### Directions for this task
When the line containing "2015年9月9日,教師節(jié)前一" is reached, include it and end there; set down verbatim every line before it, starting at the top of the records.

==== Working data ====

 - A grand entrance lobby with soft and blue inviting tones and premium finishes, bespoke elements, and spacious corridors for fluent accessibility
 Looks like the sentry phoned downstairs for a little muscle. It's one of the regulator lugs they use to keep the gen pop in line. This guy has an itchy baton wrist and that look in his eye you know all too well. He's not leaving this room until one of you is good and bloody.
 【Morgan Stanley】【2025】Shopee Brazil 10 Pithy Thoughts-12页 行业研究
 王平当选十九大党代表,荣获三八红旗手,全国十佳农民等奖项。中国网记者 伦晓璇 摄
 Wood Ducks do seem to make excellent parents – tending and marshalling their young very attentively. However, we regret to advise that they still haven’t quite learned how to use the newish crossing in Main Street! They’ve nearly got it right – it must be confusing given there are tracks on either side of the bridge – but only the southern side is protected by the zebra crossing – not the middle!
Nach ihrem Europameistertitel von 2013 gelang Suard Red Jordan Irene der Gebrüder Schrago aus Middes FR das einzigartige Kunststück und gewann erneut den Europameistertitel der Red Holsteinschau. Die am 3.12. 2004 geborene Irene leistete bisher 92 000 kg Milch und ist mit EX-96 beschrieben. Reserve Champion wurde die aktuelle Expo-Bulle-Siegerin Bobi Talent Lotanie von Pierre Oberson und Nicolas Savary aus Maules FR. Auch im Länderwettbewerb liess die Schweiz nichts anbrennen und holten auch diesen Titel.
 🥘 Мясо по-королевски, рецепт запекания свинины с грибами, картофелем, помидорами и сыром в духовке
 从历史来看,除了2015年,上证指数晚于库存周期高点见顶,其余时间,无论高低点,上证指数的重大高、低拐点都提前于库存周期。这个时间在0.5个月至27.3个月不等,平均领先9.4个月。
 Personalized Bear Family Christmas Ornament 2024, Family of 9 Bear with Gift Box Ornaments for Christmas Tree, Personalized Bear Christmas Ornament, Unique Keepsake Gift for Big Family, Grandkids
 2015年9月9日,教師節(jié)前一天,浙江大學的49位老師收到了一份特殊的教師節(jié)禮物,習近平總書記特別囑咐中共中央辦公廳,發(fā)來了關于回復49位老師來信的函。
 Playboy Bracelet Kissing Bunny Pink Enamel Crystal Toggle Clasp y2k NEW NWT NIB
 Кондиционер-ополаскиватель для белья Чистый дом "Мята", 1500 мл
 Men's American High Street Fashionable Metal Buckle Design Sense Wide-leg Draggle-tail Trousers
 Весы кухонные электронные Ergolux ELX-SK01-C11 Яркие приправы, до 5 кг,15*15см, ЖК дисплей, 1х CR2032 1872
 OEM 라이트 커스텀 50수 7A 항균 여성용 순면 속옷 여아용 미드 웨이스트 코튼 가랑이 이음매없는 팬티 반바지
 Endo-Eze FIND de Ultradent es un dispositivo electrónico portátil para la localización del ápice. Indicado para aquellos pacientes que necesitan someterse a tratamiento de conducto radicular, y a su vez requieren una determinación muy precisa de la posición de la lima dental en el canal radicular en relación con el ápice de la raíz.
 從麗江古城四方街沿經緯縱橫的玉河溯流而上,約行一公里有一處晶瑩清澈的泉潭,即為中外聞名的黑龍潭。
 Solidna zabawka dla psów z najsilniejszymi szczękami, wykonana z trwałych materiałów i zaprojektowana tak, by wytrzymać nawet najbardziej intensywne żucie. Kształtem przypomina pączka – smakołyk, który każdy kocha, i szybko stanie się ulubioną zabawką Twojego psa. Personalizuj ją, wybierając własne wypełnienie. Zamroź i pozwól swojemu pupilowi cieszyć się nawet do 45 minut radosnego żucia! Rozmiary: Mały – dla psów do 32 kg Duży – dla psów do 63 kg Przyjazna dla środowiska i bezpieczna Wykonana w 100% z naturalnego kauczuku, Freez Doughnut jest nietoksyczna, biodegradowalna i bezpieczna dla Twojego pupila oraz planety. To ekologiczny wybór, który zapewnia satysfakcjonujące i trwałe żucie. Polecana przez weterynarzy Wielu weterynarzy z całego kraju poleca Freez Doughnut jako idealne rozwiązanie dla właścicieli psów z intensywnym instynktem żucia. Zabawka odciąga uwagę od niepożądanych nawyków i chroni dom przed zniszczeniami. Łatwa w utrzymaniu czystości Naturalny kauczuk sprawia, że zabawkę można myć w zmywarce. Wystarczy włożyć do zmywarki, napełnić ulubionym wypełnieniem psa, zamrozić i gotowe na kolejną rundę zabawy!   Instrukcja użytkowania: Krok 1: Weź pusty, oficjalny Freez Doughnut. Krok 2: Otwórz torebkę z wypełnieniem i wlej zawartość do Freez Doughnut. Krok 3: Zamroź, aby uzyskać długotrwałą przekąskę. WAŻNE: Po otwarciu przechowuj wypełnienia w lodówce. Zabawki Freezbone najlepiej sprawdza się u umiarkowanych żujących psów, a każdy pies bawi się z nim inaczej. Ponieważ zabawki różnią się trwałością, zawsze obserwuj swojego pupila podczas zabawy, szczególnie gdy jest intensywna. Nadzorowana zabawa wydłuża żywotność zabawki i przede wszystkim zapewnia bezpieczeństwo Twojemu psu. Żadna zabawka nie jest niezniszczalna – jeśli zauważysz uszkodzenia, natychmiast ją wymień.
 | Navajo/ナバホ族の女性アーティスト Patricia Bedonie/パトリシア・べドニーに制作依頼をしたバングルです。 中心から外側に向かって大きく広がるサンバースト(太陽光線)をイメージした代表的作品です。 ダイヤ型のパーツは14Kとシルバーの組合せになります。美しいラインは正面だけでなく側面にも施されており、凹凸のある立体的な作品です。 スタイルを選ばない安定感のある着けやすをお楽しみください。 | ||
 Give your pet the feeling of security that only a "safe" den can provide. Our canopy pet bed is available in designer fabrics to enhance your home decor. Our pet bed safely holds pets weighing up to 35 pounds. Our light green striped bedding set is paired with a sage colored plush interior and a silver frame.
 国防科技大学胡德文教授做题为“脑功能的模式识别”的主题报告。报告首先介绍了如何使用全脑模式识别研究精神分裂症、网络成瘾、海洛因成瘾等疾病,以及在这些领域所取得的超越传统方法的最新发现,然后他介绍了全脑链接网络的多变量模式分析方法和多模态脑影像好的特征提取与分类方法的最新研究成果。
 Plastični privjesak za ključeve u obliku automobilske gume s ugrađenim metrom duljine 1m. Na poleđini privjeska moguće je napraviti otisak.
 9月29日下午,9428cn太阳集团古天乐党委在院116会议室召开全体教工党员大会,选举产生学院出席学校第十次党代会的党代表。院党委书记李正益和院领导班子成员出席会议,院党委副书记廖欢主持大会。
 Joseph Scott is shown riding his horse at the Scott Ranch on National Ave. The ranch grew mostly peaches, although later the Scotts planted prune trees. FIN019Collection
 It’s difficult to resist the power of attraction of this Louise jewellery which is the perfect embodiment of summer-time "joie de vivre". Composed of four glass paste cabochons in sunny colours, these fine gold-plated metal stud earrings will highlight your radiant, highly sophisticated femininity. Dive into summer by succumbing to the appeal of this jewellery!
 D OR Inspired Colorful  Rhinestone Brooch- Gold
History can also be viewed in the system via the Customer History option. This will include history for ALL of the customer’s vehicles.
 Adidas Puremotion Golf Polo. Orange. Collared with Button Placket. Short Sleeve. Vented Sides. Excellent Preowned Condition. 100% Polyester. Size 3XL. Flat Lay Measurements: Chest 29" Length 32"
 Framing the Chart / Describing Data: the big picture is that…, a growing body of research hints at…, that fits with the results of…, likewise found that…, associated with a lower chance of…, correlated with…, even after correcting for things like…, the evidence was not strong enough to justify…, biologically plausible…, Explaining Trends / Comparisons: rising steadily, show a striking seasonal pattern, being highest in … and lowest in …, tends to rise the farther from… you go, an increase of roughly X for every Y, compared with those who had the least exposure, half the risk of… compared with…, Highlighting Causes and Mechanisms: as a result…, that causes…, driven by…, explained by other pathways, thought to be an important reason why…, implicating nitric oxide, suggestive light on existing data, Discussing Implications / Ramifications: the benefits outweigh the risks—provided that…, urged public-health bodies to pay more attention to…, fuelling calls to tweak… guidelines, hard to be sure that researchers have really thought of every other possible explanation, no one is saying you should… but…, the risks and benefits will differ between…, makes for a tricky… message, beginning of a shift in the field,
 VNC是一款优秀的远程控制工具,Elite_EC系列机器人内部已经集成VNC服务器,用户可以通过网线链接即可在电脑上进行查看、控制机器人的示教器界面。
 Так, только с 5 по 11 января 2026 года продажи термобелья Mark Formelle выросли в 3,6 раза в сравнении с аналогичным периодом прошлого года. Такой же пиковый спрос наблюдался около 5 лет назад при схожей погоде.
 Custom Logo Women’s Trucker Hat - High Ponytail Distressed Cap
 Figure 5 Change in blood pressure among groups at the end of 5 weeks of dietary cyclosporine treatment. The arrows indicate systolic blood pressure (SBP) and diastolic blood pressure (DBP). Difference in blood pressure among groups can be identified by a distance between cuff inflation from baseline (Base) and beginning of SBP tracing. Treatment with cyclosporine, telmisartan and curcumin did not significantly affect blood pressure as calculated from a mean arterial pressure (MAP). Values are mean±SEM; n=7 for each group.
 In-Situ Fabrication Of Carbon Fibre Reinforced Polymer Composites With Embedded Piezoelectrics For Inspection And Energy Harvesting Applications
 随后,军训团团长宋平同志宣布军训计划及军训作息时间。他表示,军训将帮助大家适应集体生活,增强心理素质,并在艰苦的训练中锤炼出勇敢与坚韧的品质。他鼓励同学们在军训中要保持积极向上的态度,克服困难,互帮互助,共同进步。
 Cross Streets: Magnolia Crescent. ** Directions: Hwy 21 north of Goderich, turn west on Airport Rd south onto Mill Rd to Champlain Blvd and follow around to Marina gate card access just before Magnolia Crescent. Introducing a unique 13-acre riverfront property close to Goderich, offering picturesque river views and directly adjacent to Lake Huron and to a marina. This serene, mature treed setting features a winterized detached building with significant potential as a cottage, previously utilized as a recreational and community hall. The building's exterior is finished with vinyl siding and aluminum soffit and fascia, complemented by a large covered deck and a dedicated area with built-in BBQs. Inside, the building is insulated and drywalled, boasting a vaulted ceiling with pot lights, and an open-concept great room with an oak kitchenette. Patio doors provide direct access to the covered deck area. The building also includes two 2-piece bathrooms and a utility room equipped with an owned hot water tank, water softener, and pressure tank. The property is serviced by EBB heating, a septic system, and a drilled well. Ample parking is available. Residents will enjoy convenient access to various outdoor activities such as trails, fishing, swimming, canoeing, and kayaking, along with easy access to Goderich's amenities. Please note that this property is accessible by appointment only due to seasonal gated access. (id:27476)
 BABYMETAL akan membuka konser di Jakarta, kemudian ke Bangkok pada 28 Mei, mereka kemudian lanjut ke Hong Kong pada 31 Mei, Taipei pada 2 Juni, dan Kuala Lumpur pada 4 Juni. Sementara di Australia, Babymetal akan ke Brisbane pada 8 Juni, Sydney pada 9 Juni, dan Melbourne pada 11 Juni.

====

### Reply to the exercise
 - A grand entrance lobby with soft and blue inviting tones and premium finishes, bespoke elements, and spacious corridors for fluent accessibility
 Looks like the sentry phoned downstairs for a little muscle. It's one of the regulator lugs they use to keep the gen pop in line. This guy has an itchy baton wrist and that look in his eye you know all too well. He's not leaving this room until one of you is good and bloody.
 【Morgan Stanley】【2025】Shopee Brazil 10 Pithy Thoughts-12页 行业研究
 王平当选十九大党代表,荣获三八红旗手,全国十佳农民等奖项。中国网记者 伦晓璇 摄
 Wood Ducks do seem to make excellent parents – tending and marshalling their young very attentively. However, we regret to advise that they still haven’t quite learned how to use the newish crossing in Main Street! They’ve nearly got it right – it must be confusing given there are tracks on either side of the bridge – but only the southern side is protected by the zebra crossing – not the middle!
Nach ihrem Europameistertitel von 2013 gelang Suard Red Jordan Irene der Gebrüder Schrago aus Middes FR das einzigartige Kunststück und gewann erneut den Europameistertitel der Red Holsteinschau. Die am 3.12. 2004 geborene Irene leistete bisher 92 000 kg Milch und ist mit EX-96 beschrieben. Reserve Champion wurde die aktuelle Expo-Bulle-Siegerin Bobi Talent Lotanie von Pierre Oberson und Nicolas Savary aus Maules FR. Auch im Länderwettbewerb liess die Schweiz nichts anbrennen und holten auch diesen Titel.
 🥘 Мясо по-королевски, рецепт запекания свинины с грибами, картофелем, помидорами и сыром в духовке
 从历史来看,除了2015年,上证指数晚于库存周期高点见顶,其余时间,无论高低点,上证指数的重大高、低拐点都提前于库存周期。这个时间在0.5个月至27.3个月不等,平均领先9.4个月。
 Personalized Bear Family Christmas Ornament 2024, Family of 9 Bear with Gift Box Ornaments for Christmas Tree, Personalized Bear Christmas Ornament, Unique Keepsake Gift for Big Family, Grandkids
 2015年9月9日,教師節(jié)前一天,浙江大學的49位老師收到了一份特殊的教師節(jié)禮物,習近平總書記特別囑咐中共中央辦公廳,發(fā)來了關于回復49位老師來信的函。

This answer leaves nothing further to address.